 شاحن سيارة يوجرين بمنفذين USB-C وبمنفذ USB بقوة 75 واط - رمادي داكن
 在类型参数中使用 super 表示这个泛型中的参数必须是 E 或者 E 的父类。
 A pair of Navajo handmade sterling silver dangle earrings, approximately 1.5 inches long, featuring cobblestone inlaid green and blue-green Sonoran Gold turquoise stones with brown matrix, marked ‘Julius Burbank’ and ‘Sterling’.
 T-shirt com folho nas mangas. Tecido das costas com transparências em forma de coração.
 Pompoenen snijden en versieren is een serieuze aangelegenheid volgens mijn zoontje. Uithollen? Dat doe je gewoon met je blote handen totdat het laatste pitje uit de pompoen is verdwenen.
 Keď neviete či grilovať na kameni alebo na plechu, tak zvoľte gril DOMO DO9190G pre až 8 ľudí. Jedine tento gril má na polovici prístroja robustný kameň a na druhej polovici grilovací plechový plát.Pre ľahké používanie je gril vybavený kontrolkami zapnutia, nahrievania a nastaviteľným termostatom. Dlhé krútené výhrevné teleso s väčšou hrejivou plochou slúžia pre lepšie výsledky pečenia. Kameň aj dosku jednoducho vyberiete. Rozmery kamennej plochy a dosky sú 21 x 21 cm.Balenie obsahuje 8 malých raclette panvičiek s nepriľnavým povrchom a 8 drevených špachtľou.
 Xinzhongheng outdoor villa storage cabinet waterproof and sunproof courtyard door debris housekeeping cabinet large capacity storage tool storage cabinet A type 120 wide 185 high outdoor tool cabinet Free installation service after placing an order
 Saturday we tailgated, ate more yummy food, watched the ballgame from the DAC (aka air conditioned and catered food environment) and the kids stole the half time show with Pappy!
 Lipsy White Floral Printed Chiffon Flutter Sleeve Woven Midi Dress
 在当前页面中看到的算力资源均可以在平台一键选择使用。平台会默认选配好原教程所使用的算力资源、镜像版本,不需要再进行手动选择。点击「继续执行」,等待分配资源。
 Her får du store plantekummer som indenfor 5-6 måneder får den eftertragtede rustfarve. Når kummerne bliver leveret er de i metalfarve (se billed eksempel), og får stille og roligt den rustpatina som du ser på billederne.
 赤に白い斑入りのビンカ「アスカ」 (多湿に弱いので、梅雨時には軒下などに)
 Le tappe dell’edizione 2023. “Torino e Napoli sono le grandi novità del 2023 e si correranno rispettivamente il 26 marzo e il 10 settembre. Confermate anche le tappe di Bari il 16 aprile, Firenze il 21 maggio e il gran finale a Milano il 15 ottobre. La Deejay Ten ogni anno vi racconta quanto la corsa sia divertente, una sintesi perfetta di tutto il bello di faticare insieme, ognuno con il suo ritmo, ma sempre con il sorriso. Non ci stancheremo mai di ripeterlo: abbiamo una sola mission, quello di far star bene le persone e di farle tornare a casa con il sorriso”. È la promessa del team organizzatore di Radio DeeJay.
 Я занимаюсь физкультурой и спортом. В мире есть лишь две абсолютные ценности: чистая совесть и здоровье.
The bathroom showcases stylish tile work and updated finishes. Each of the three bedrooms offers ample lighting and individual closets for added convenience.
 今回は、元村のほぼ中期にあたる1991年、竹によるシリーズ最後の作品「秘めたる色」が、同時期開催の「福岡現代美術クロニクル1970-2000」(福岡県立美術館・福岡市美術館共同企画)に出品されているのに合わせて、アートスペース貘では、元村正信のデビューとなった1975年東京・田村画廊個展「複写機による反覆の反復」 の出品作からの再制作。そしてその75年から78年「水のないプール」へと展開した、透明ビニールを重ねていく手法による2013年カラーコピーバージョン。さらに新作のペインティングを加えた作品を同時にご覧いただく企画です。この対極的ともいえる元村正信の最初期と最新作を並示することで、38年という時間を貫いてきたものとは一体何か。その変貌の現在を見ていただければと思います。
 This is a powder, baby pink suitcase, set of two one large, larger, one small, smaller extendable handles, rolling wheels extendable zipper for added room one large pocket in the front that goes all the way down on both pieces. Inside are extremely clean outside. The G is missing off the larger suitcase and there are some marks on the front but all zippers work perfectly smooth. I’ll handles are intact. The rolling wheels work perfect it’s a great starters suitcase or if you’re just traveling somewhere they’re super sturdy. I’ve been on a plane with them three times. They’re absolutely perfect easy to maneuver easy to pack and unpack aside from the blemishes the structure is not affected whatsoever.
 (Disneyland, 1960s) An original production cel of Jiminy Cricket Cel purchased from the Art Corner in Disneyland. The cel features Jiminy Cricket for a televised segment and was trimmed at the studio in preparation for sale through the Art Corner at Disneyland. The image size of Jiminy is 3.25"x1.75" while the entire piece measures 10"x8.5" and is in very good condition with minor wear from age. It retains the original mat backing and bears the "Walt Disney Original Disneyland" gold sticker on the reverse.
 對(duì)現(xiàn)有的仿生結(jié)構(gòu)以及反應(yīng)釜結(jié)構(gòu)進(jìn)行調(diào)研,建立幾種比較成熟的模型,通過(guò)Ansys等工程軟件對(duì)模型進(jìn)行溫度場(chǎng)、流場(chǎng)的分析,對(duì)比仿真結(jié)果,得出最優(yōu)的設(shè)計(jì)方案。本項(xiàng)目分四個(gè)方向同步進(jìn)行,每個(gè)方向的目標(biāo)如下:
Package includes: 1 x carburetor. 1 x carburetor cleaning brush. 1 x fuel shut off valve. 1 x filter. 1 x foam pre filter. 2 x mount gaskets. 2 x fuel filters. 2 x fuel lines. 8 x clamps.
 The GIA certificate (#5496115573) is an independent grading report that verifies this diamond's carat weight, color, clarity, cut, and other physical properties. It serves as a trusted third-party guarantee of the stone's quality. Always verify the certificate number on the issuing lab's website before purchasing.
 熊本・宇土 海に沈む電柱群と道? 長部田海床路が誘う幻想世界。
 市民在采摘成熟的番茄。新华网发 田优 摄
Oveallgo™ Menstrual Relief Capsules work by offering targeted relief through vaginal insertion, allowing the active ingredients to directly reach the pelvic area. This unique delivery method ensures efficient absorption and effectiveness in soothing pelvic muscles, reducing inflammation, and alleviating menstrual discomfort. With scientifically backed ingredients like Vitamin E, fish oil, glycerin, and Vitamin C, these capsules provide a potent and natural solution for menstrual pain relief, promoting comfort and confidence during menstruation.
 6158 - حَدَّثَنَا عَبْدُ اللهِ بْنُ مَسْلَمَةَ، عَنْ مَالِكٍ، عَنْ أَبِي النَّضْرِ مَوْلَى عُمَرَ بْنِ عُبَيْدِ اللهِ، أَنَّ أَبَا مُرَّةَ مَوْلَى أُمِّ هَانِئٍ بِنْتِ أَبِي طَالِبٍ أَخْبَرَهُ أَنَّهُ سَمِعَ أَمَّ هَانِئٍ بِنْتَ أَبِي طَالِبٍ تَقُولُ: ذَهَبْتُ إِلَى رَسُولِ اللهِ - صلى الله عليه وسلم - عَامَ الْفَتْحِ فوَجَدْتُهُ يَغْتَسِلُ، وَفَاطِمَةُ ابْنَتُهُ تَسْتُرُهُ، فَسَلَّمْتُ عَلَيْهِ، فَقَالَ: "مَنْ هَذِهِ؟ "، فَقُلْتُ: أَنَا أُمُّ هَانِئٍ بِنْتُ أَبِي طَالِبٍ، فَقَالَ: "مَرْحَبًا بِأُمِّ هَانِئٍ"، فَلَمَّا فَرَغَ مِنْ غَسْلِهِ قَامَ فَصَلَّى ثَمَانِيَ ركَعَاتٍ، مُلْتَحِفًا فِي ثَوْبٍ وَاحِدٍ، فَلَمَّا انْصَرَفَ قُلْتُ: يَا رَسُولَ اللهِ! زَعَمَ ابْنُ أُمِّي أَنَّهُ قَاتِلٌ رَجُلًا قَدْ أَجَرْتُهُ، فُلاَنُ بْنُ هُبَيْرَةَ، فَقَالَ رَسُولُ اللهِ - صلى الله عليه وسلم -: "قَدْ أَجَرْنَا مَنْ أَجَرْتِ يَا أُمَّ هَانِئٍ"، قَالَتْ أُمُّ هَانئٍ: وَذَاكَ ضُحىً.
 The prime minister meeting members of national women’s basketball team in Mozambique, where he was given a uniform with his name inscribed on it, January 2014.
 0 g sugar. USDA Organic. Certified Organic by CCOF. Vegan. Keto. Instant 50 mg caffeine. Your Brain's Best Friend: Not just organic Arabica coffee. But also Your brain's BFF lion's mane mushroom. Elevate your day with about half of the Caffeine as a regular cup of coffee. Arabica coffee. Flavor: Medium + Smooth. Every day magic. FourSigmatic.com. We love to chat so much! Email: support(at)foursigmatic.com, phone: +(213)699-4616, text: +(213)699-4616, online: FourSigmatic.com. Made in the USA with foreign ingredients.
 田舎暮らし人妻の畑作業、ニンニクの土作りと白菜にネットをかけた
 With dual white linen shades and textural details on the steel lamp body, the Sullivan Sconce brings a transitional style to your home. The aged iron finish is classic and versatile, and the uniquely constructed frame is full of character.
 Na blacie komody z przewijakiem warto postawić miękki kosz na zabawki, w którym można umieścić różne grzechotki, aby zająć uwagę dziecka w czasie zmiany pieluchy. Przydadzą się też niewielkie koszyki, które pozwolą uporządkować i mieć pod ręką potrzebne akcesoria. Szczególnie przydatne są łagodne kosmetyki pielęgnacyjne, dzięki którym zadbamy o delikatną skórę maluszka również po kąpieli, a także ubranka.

= Problem description =
Determine how many lines of the data above contain the string "three", and give the result with nothing else.

= Exercise answer =
2